Records for the exercise: Begin

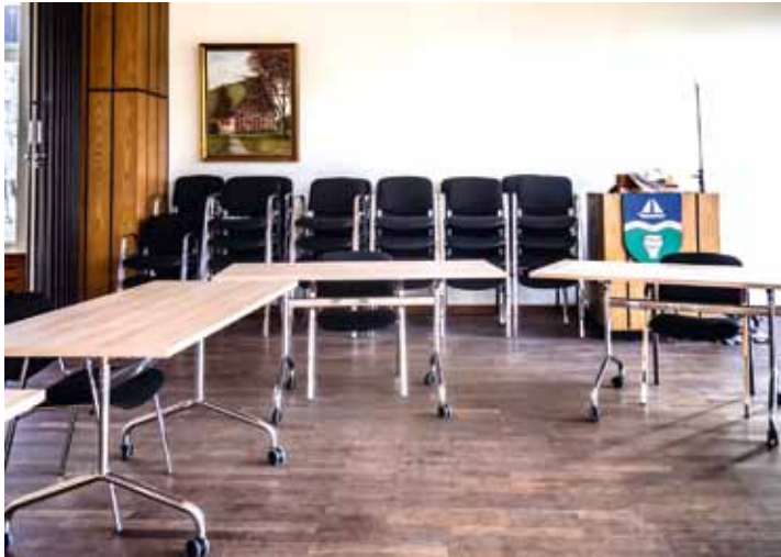
Neue Stühle und Tische, die beim Umbau nicht mehr geschleppt sondern gerollt werden können

Funktionale Möblierung, neue Fenster und die Sanierung der Fußböden waren längst nötig geworden
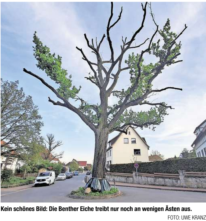
Kein schönes Bild: Die Benter Eiche treibt nur noch an wenigen Ästen aus.
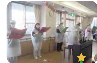
事務所から聖歌隊がきました
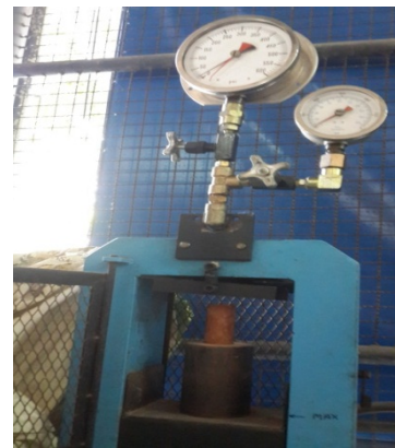
เครื่องทดสอบกำลังอัด
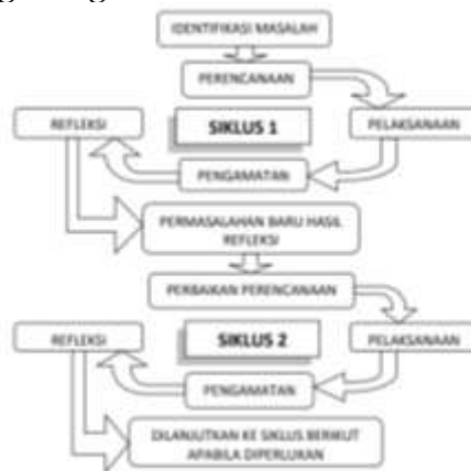
Gambar 1. Siklus Penelitian Tindakan Kelas

PTK dilakukan melalui beberapa tahapan siklus yang akan dihentikan jika sudah memenuhi indikator keberhasilan. Setiap siklus terdiri dari dua pertemuan. Adapun tahapan pada setiap siklus terdiri dari permasalahan, perencanaan, pelaksanaan, pengamatan, analisis data dan refleksi. Pada penelitian ini jika siklus I kemampuan pemecahan masalah matematis siswa belum mencapai indikator yang ditetapkan, maka dilaksanakan siklus II. Siklus akan berhenti jika kemampuan pemecahan masalah matematis siswa telah mencapai indikator yang diinginkan.
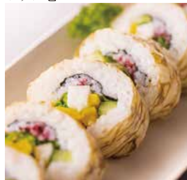
山菜巻(おぼろ海苔)
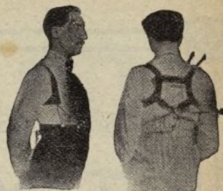
Con Benefactor El Benefactor de espalda

Riera San Juan, 8 - BARCELONA que mandará folleto gratis a quien lo pida
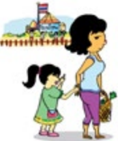
មិនយកចិត្តទុកដាក់លើតម្រូវការផ្នែកអប់រំរបស់កុមារ
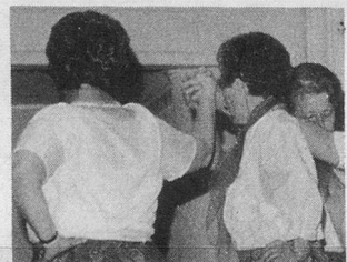
15 ans de gym 3 dans le canton de Vaud
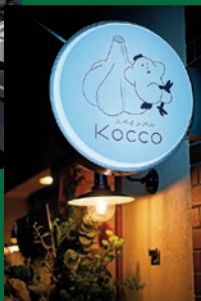
かわいいにわたりのロゴにほっこり。
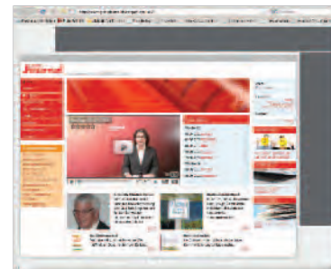
Wallpaper 728x90 Pixel und 120x600 Pixel

Records for the exercise: End

What is needed » In the answer, include exactly the lines from the one containing "មិនយកចិត្តទុកដ" through the end of the records above and no pictures at all.

Written solution »
មិនយកចិត្តទុកដាក់លើតម្រូវការផ្នែកអប់រំរបស់កុមារ
15 ans de gym 3 dans le canton de Vaud
かわいいにわたりのロゴにほっこり。
Wallpaper 728x90 Pixel und 120x600 Pixel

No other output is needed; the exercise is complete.